O sangue de Heloísa Madeira gelou.

Foi como se uma onda de frio tivesse surgido do nada, dissipando toda a doçura e ternura que ainda pairavam no ar.

Seu olhar permaneceu calmo enquanto encarava Vânia Gomes à sua frente, cuja postura era fria e altiva. O frio lentamente invadiu seu coração, arrancando-lhe um suspiro… Não poderia haver mais uma noite sequer de devaneios e ilusões.

Ela queria ver o gatinho.

Queria sonhar novamente com um romance arrebatador.

Não era gananciosa a ponto de exigir demais.

Mas, claramente, a paciência da esposa do presidente chegara ao limite.

"Vocês…"

Vânia fixou o olhar nas mãos dadas dos dois, lutando para manter a expressão serena enquanto a tristeza ameaçava transbordar, como se fosse chorar a qualquer momento.

Heloísa retirou a mão.

No mesmo instante, a mão foi segurada firmemente por outra, grande e quente.

Ela olhou para ele: … Para que isso?

Apesar do pensamento, apertou a mão dele de volta, sentindo uma pontada de amargura.

"Como você subiu aqui?"

Nélio Marques lançou um olhar gélido à visitante indesejada sentada no sofá, espalhando uma atmosfera opressora.

Do lado de fora da varanda, Kelton Santos aproximou-se nervoso.

Ele segurava o celular, onde uma mensagem ainda estava por ser editada.

"Senhor, o senhor voltou, e a Heloísa também." Tentou suavizar o clima, mas vendo que o senhor não mudava a expressão, suspirou resignado. "A dona acabou de sair. Ela disse que, como aqui é perto da empresa, pediu para a senhorita Vânia… ficar conosco."

A patroa o mandou descer, e ele nem sabia do que se tratava.

Mal desceu, Vânia saiu do carro com uma mala, e ele logo percebeu que algo estava errado.

Ai, dona, está claro que a senhora não quer deixar o senhor ficar com a Heloísa…

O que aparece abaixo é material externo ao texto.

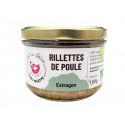 Ingrédients : viande de poule bio 66%, gras de porc bio, sel de Guérande, estragon feuilles bio 0.25%, poivre noir bio, laurier bio.
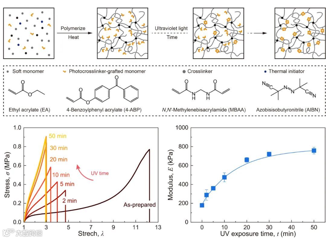 本工作首先通过热引发的自由基聚合形成均匀而稀疏交联弹性网络。网络中集成了潜伏的光引发交联基团(图2),用于后续区域化网络的模量。
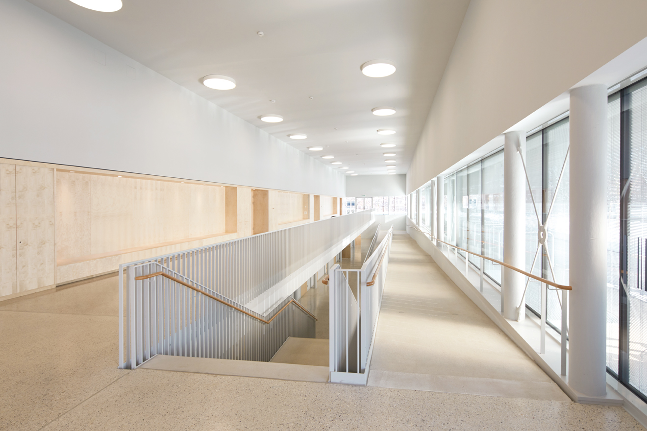 Das Innere ist klar gegliedert. Vom übersichtlichen, rundum verglasten Foyer gelangt man direkt zu den Zuschauertribünen. Treppe und Rampe führen in das Untergeschoss. Das Buffet im Foyer soll mit der Sonnenterrasse auch als Treffpunkt für Spaziergänger und Radfahrer genutzt werden. Warme, natürliche Farben und Materialien schaffen eine freundliche Atmosphäre. (Text: Architekt:innen, bearbeitet)
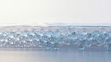画面中透明水泡在白色背景下轻盈漂浮,呈现浅浅的蓝绿色调,表面折射出明亮光泽,整体清新通透
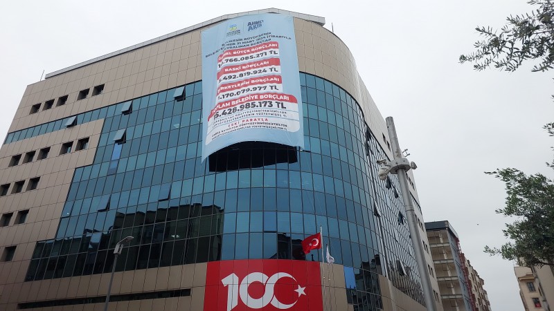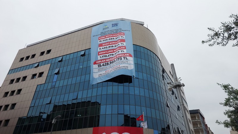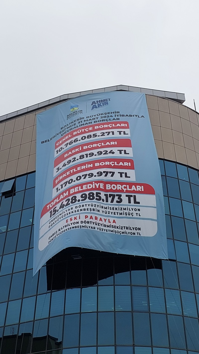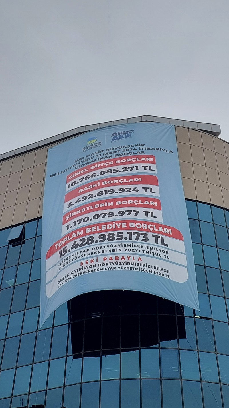 Balıkesir Büyükşehir Belediye Başkanı Ahmet Akın, AK Partili Başkan Yücel Yılmaz’dan kalan borçları Büyükşehir Belediye Binasına astı. Açıklanan tabloya göre borç 15 milyar 428 milyon 985 bin TL.
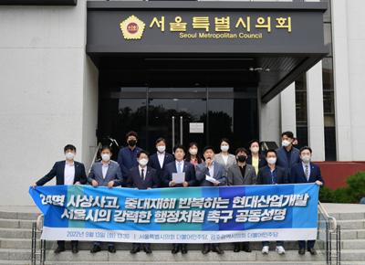 두 의회 소속 민주당 의원 일동은 13일 오후 서울시의회 본관 앞에서 발표한 공동성명서를 통해 \"불법·부실 공사로 소중한 국민의 생명을 앗아간 현대산업개발에 대해 등록말소 처분 등의 강력한 행정조치를 내려 줄 것\"을 서울시에 촉구했다.
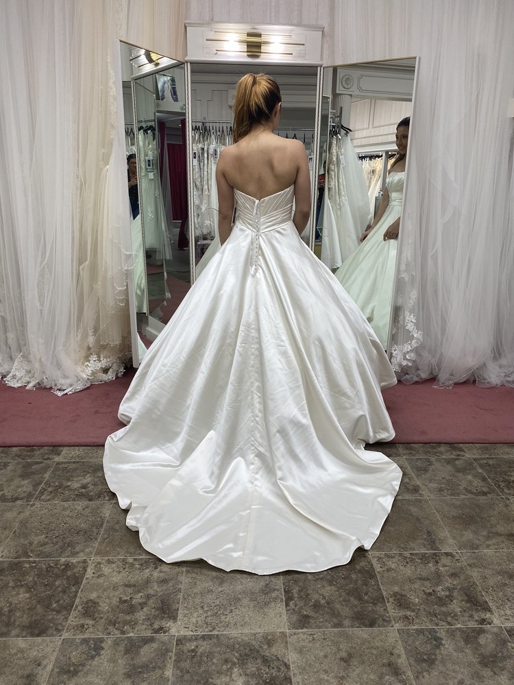 Elegant Bride Boutique offers a warm and welcoming environment for brides shopping for their wedding dress. Customers consistently praise the friendly and helpful staff, especially mentioning Tabitha, who is known for her patience, kindness, and ability to listen to each bride’s vision. Many reviews highlight how staff members take the time to understand individual styles and preferences, making sure each bride feels heard and cared for throughout the process. Even brides who walk in without appointments or with limited expectations find themselves comfortable and supported, often leaving with a dress they love. The boutique is appreciated for its personalized service, willingness to go the extra mile—such as taking dresses off mannequins—and for creating a positive experience that reduces stress and builds confidence. Brides also mention the variety of styles available, helping them find the perfect dress for their big day. Overall, Elegant Bride Boutique is celebrated as a place where brides can enjoy dress shopping, feel valued, and find their dream wedding dress in a friendly, stress-free setting.
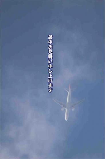 【夏の挨拶ポストカード】「暑中お見舞い申し上げます」空を飛ぶジェット機の葉書ハガキはがき photo by MIRO
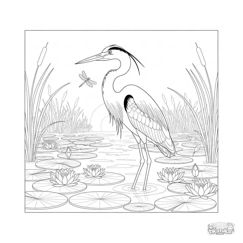 Ausmalbild eines anmutigen Reihers im Seerosen-Teich bei Sonnenaufgang. Für Kinder von 6-9 Jahren. Zeigt einen detaillierten Vogel, Seerosen, eine Libelle und Sonnenaufgangsreflexionen.
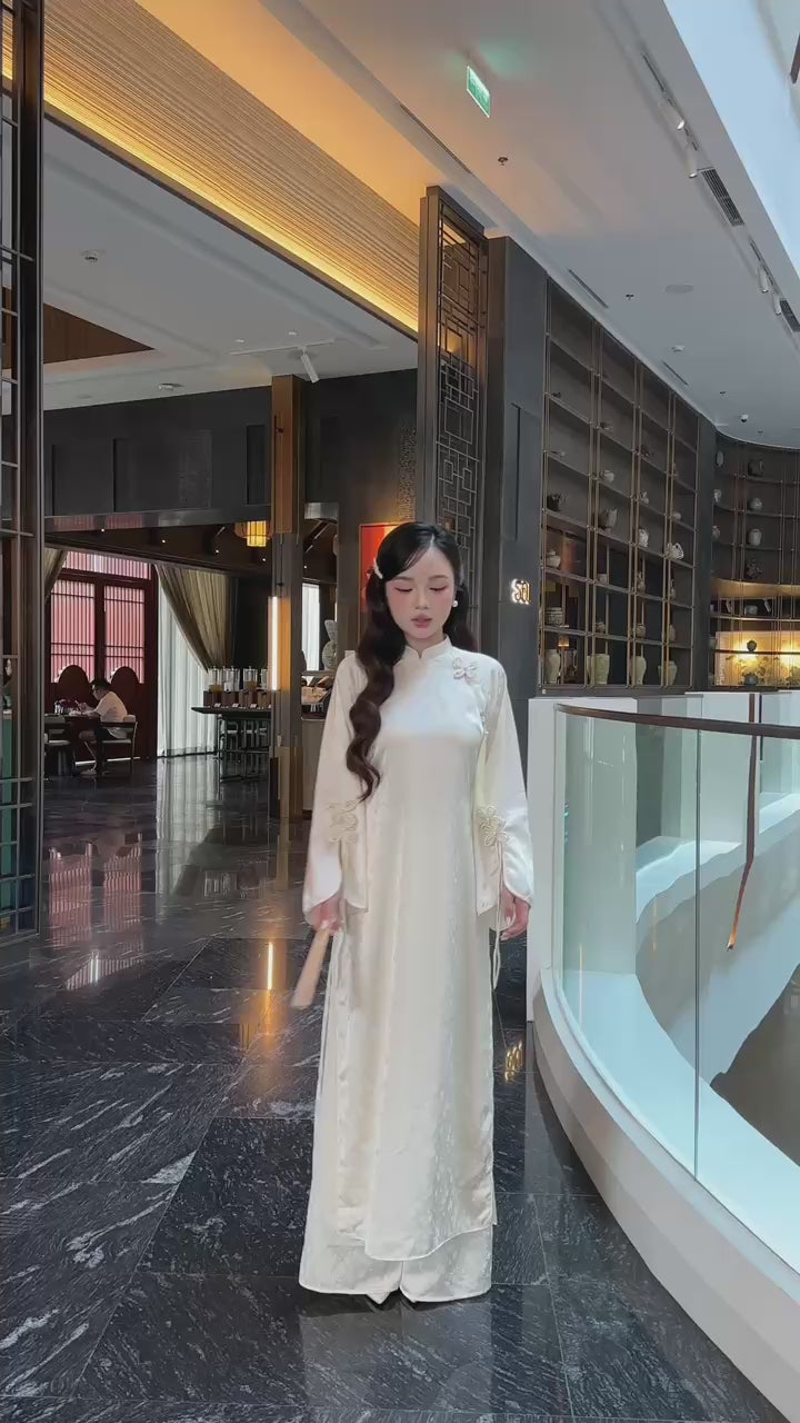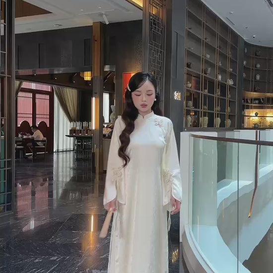 Linh Vy - Cream Vows Long Sleeve Bows Ao Dai Set
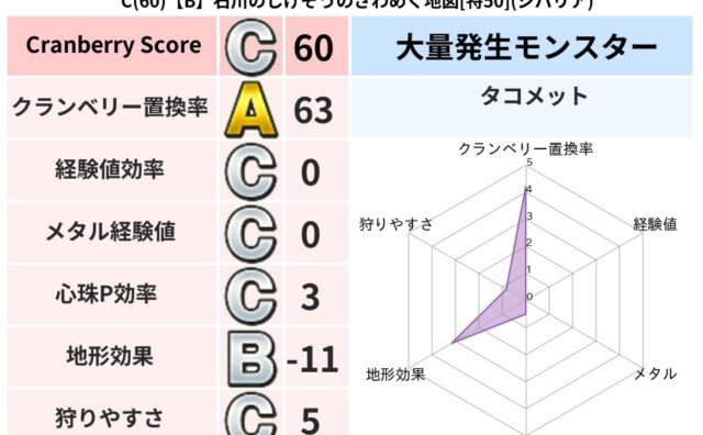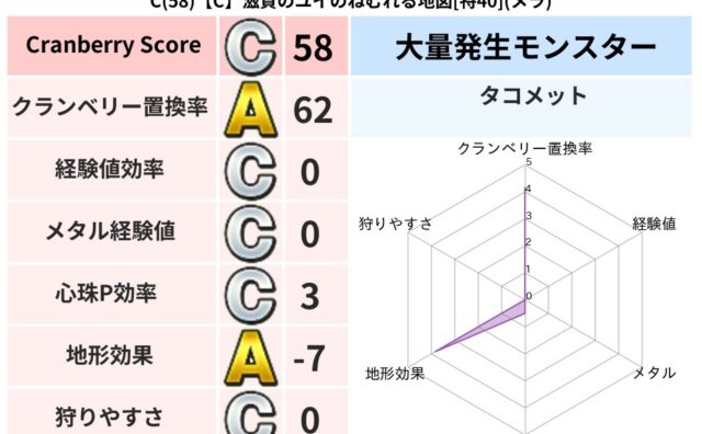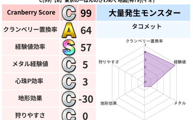 クランベリーボット判定結果の詳細クランベリースコア125クランベリー置換率67%大量発生モンスタータコメット超耐性ギラ(69%)系統狩り水系42%こころ道 完全一致モンスタースカルガルードラゴン(竜道Lv5)しりょうのきし大神官(舞道Lv5...
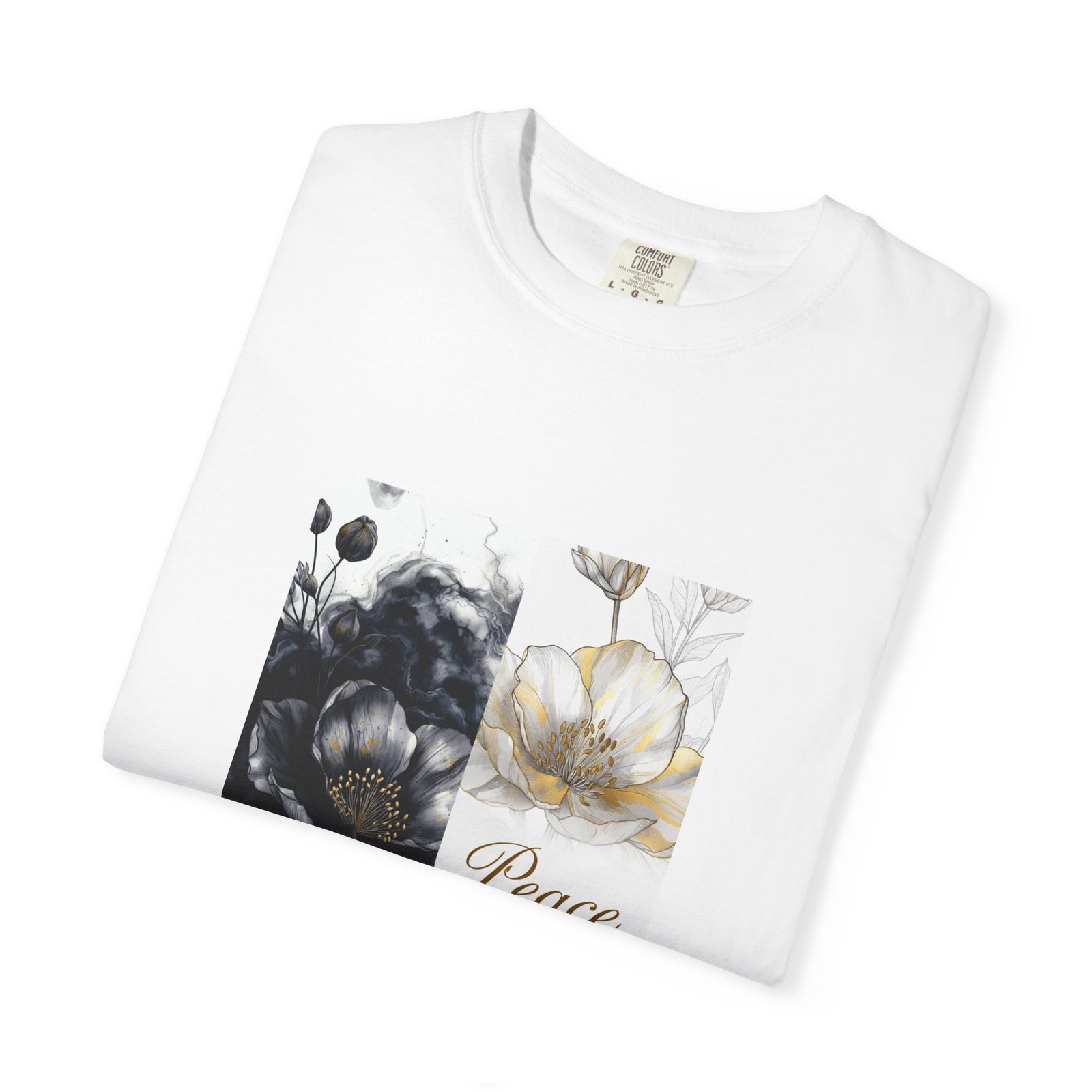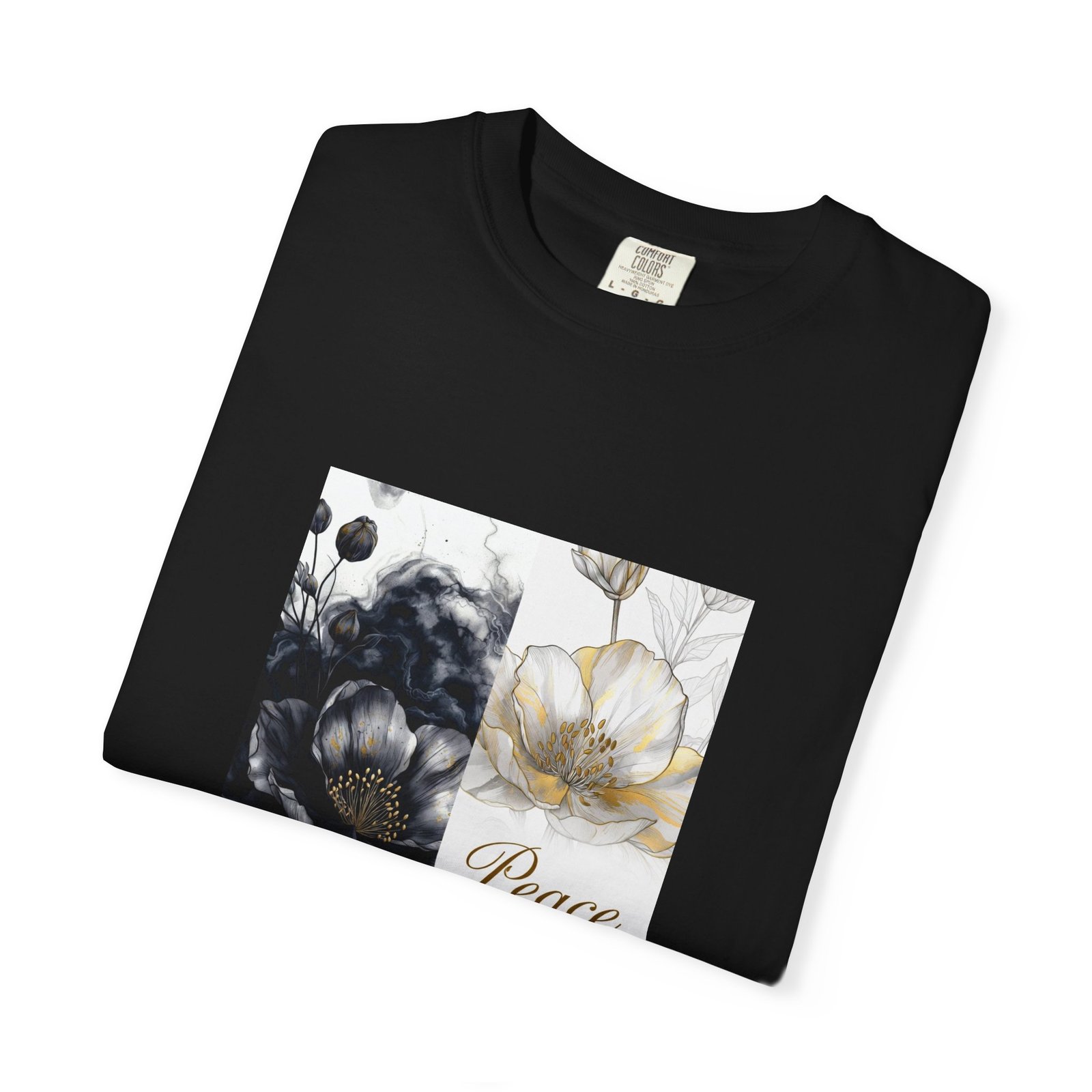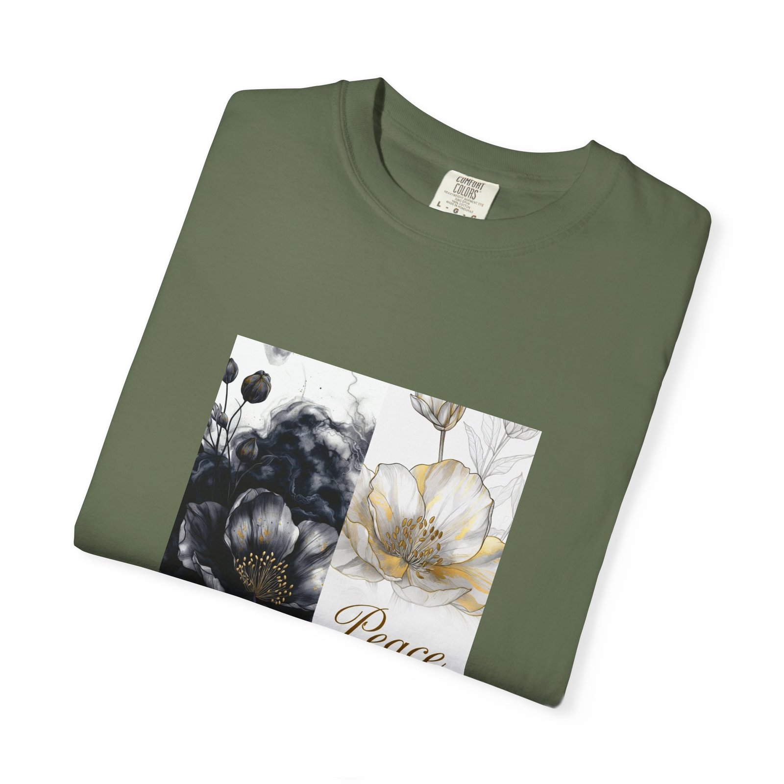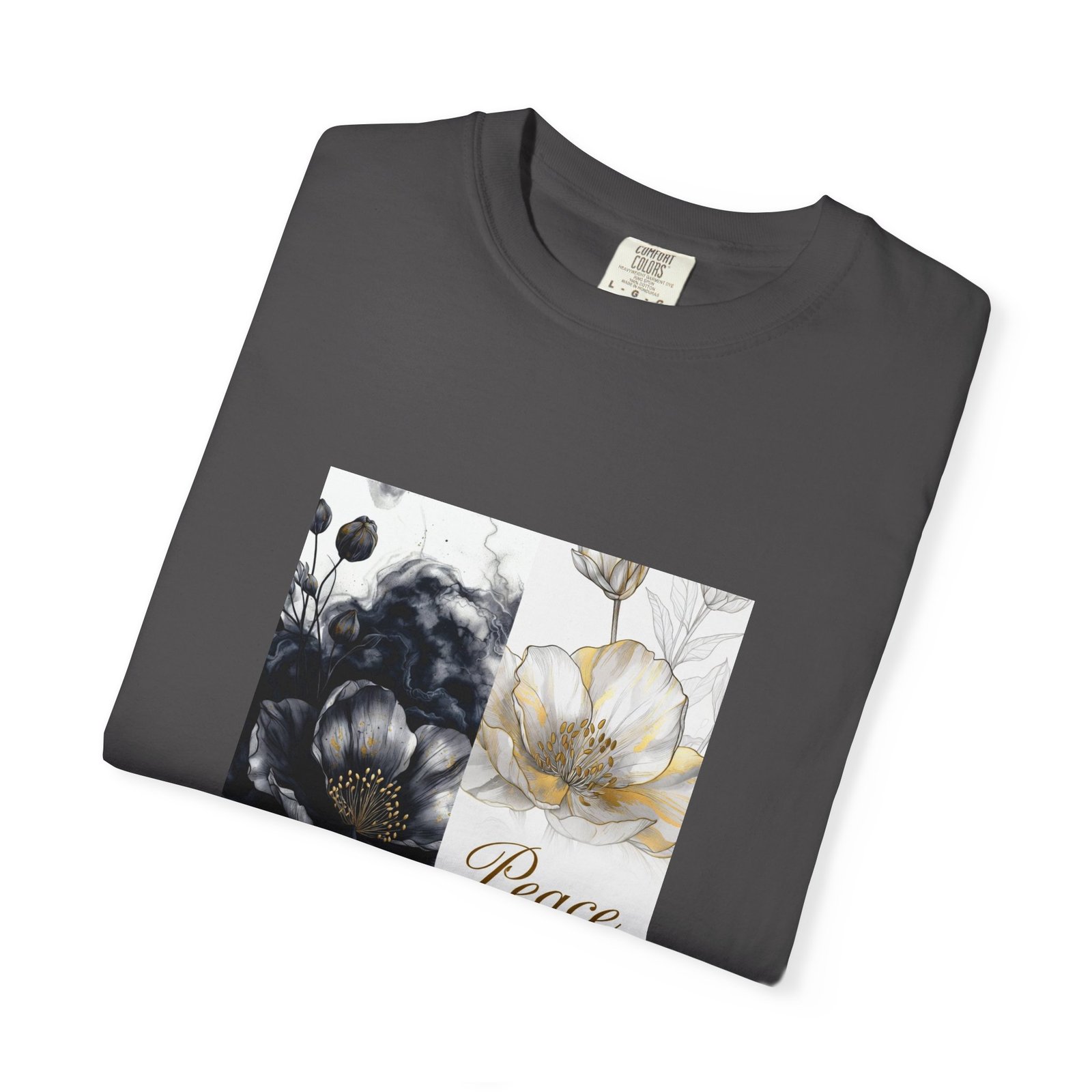 Soft, heavyweight comfort with a quiet, reverent design. This garment-dyed cotton tee wears in gently — the fabric feels lived-in and calm right from the first wear. The front panel blends charcoal florals and warm gold accents around the phrase “Peace I leave with you,” creating a contemplative, elegant look that reads like a wearable keepsake. It sits loosely without clinging, so it layers easily over long sleeves or slips under a jacket for quieter moments. Wear it to memory gatherings, church meetups, or evenings of reflection; it’s for people who want their clothing to carry a voice of comfort, not shout. The muted tones and subtle texture make it easy to pair with denim, cozy joggers, or a soft cardigan when you need something gentle and steady.

Nélio não repreendeu o Tio Santos.

Seus olhos frios permaneceram fixos em Vânia. "Sua madrinha não lhe disse que eu já tenho namorada e que não seria conveniente recebê-la?"

Os olhos de Vânia se encheram de lágrimas.

A palavra "namorada" perfurou seu coração como uma lâmina.

Nélio elevou a voz: "Tio Santos, leve minhas coisas para baixo. Heloísa quer que eu fique na casa dela."

Heloísa: "…!"

Vânia, que já se sentia desconfortável, ficou ainda mais rígida.

Nélio apertou carinhosamente o rosto surpreso de Heloísa, com um sorriso um tanto malicioso. "Eu entendo o que Heloísa quer. Farei como deseja."

Heloísa: … Você está obrigando sua mãe a me odiar!

"Então vou arrumar as coisas do senhor agora mesmo."

Kelton entrou apressado.

Nélio ignorou Vânia, que permanecia paralisada no sofá, e puxou a atônita Heloísa para fora: "Vamos ver o gatinho."

Depois de alguns passos, uma bola de pelos correu pelo corredor.

Em poucos dias, já estava mais gordinho, as patinhas curtas pareciam ainda menores, e ele pulava como um coelhinho, irresistivelmente fofo.

O gatinho chegou aos pés deles, olhando para cima e miando baixinho.

Heloísa ainda não havia se recuperado do "choque" com a sugestão de que Nélio fosse morar na casa dela.